Risk-Adjusted Performance

2 of 100

 
Weak
 
Strong
Weak
Compared to the overall equity markets, risk-adjusted returns on investments in ETRACS Monthly Pay are ranked lower than 2 (%) of all global equities and portfolios over the last 90 days. In spite of rather sound technical and fundamental indicators, ETRACS Monthly is not utilizing all of its potentials. The latest stock price tumult, may contribute to shorter-term losses for the shareholders.
First Trust LongShort 

Risk-Adjusted Performance

3 of 100

 
Weak
 
Strong
Insignificant
Compared to the overall equity markets, risk-adjusted returns on investments in First Trust LongShort are ranked lower than 3 (%) of all global equities and portfolios over the last 90 days. In spite of comparatively stable essential indicators, First Trust is not utilizing all of its potentials. The recent stock price uproar, may contribute to short-horizon losses for the private investors.

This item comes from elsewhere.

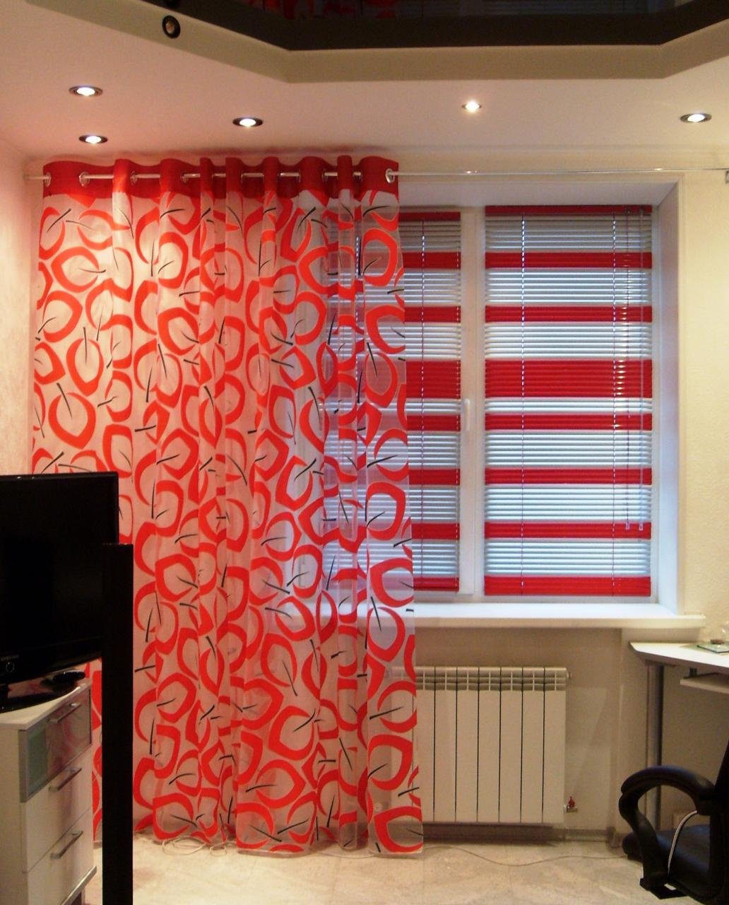 Шторы красные с белым

ETRACS Monthly and First Trust Volatility Contrast

   Predicted Return Density   
       Returns  

Pair Trading with ETRACS Monthly and First Trust

The main advantage of trading using opposite ETRACS Monthly and First Trust positions is that it hedges away some unsystematic risk. Because of two separate transactions, even if ETRACS Monthly position performs unexpectedly, First Trust can make up some of the losses. Pair trading also minimizes risk from directional movements in the market. For example, if an entire industry or sector drops because of unexpected headlines, the short position in First Trust will offset losses from the drop in First Trust's long position.
The idea behind ETRACS Monthly Pay and First Trust LongShort pairs trading is to make the combined position market-neutral, meaning the overall market's direction will not affect its win or loss (or potential downside or upside). This can be achieved by designing a pairs trade with two highly correlated stocks or equities that operate in a similar space or sector, making it possible to obtain profits through simple and relatively low-risk investment.
Check out your portfolio center.
Note that this page's information should be used as a complementary analysis to find the right mix of equity instruments to add to your existing portfolios or create a brand new portfolio. You can also try the Risk-Return Analysis module to view associations between returns expected from investment and the risk you assume.